In all professions in which you have a lot to do with people, you should be flexible, empathetic, open-minded and patient. The well-being of your patients is very important to you and their health is your goal. You will develop an individual treatment plan for each patient. In addition, you get to know the patients better in conversation, listen to their wishes and ideas, but also their fears and worries. You use movements to observe their deficits. You will determine if they are physical, or use exercises, for example memory training or tasks. This will test orientation and concentration. You can assist them with mental illnesses, development deficits or disorders of social behavior. If you work in a clinic, you work in close contact with doctors and other therapists. As a team, you develop an individually tailored therapy concept for each patient. 

Biological-medical expertise

The medical specialties in which you will work as a future occupational therapist are: 

  • Neurology: For example, you treat patients after a stroke and train them with simple everyday movements.
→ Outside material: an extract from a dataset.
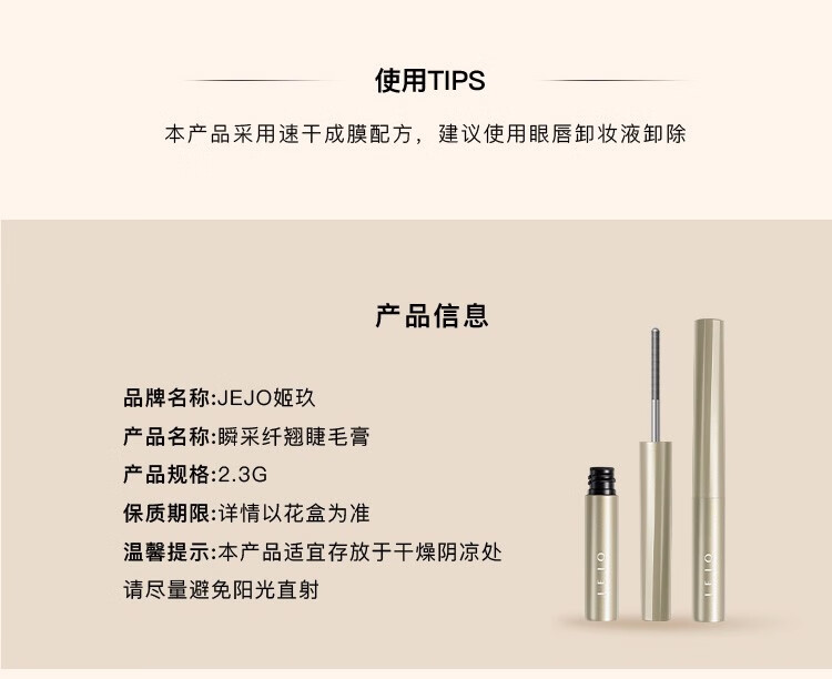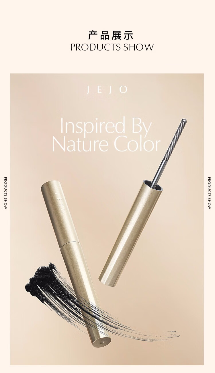 JEJO instant slimming mascara, long-lasting, not easy to smudge, anti-gravity small steel tube, slim and curling, suitable for beginners and men, #01 black 2.3g

Many people have to relearn due to a temporary failure of the brain’s musculoskeletal system. You will also endeavor step by step to reintegrate your patients into everyday working life.
  • Psychiatry: You work with people who suffer from mental illnesses in a playful way. To help them perceive others and yourself and train social-emotional skills. These may have been lost or are less pronounced in children with developmental delays.
  • Geriatrics: You also treat aging people. For example, you can arrange activities in old people’s homes. These can be those that stimulate movement in order to maintain everyday skills or memory training to prevent dementia.
  • Pediatrics: You also treat children, for example with developmental deficits in the sequence of movements (motor skills). Or, for example, with neurological disorders such as ADHD. You support school children in planning their everyday school life. You are in close contact with the parents and give tips on how to cope with everyday activities. Through targeted training of fine motor skills, for example, the child learns to write cleanly and legibly.
  • Orthopedics and rheumatology: In the event of paralysis or amputations, you train with patients to perform movement sequences. Also, for example, to do without body parts by having other body parts take over these functions.